In my short story in Steampunk: The Other Worlds, “Apprentice in the Steam Library,” the apprentice Jossian stumbles across an odd, forgotten book among the stacks of identical, mechanized user manuals. Within the story its role is simply to be something different in a world of sameness, but for those who’ve read some of my other work, it includes an easter egg.

A few years ago I wrote Spire City, a steampunk story that was meant to take deliberate advantage of serialization, not just a novel arbitrarily broken into chunks but a series of episodes and seasons to see how that affects the way the story is told. It was a very fruitful experiment, and the series was picked up by Musa Publishing. (When Musa suddenly closed two months ago, less than halfway through the series, I decided to re-release the whole thing, starting from the beginning, with the first episode out on May 4 and a new episode every week.)
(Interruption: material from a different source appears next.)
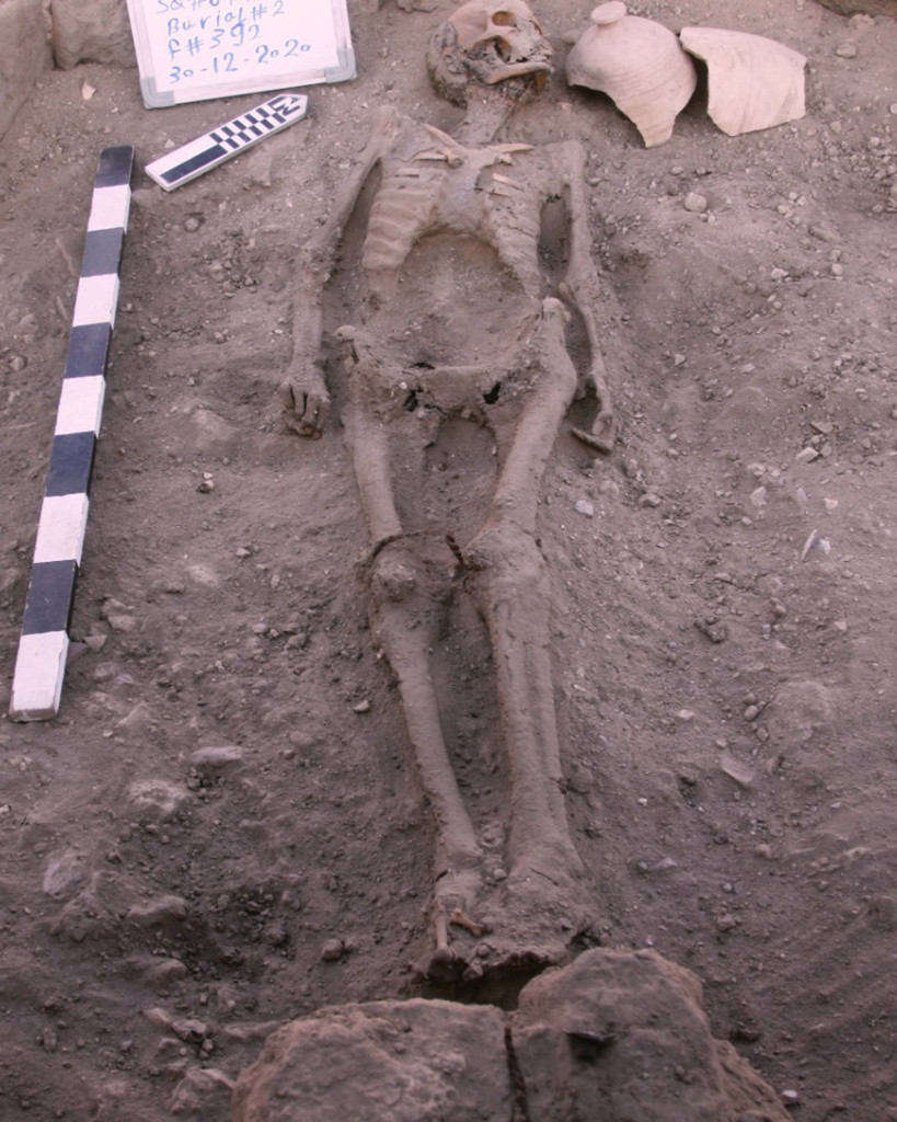 Inside the city, a remarkable human burial was discovered — a person with his arms outstretched to his side, with remains of a rope wrapped around his knees. Investigations are underway, as the location and position of the skeleton are “rather odd,” according to Hawass’ statement.

The steampunk setting of “Apprentice in the Steam Library” is never explicitly stated, but the presence of giant riding beetles marks it clearly as taking place within Spire City. And the book Jossian found? A collection of stories that had originally been published in some local daily in serial form. As with the city itself, little is said about this serial, only what makes sense for layering in a little more about Jossian’s personality, but those little bits make it clear that it’s the story I’m telling in Spire City, a story of mad science and a deadly infection and the outcasts who try to fight back.
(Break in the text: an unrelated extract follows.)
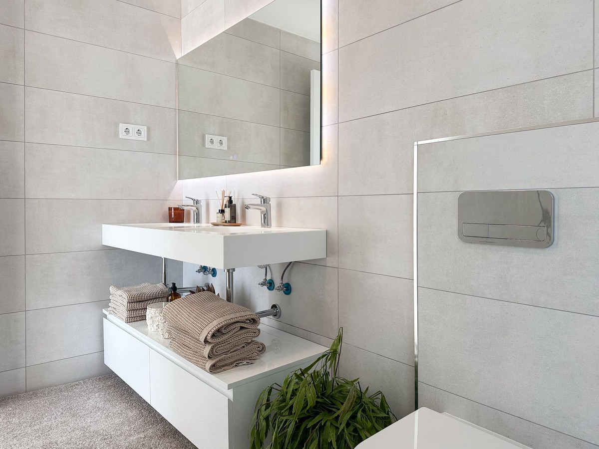 Brand new 3-bedroom apartment with sea views in La Cala de Mijas Welcome to this modern and inviting apartment in the sought-after residential complex Royal Palms in La Cala de Mijas. This stylish home offers high comfort, beautiful natural light, and access to an exceptional range of exclusive amenities. The apartment features a bright and spacious living area seamlessly connected to the open-plan kitchen, which is designed in an elegant minimalist style and fitted with integrated appliances. Large windows flood the interior with natural light, creating a warm and welcoming atmosphere throughout. The property comprises 3 well-proportioned bedrooms and 2 modern bathrooms, including an en-suite bathroom in the master bedroom. All bedrooms enjoy direct access to the lovely terrace, where you can relax and enjoy the Spanish climate together with beautiful sea views. The layout makes the property ideal as a permanent residence, holiday home, or investment opportunity on the Costa del Sol. An outstanding feature of the property is the generous 47 m² room located behind the apartment, currently with its own private entrance. This space offers exciting potential, as it can be opened up and connected to the apartment itself, making it possible to create additional bedrooms, an extra bathroom, or a versatile multi-use area depending on your needs. The apartment also benefits from two private parking spaces and an additional 16.29 m² storage room located in the garage directly behind the parking spaces. Residents of Royal Palms enjoy access to superb communal facilities, including: - Shared swimming pool area - Fitness center - Spa with sauna and Turkish bath - Tennis courts - Padel courts - Golf simulator - Co-working area - Playground Ideally located in La Cala de Mijas, the property is close to the beach, restaurants, shops, and several popular golf courses, while also offering easy access to Marbella and Málaga Airport. A fantastic opportunity to acquire a modern home with sea views, exceptional amenities, and excellent expansion potential in one of the Costa del Sol’s most attractive areas.

These kinds of nods to other stories have to be handled carefully. I’ve occasionally come across stories where the author seemed to rely too much on readers catching (and enjoying) these call-outs to other works. If I’ve read the other works, I might enjoy that at the time, but it risks cheapening the current story. If I haven’t read the others, then I feel shut out, unwelcome. Which is surely the last thing a writer should aim for.

Done carefully, though, in ways that fit with and add to the current story without overwhelming it, then they can be a quick thank you to all the readers who follow you from one work to another. So to anyone who has followed me here—from reading the story in Steampunk: The Other Worlds, from Spire City, or from any of my other short stories and poems that are out there, thank you. And watch for other easter eggs. There are doubtless some even I am unaware of.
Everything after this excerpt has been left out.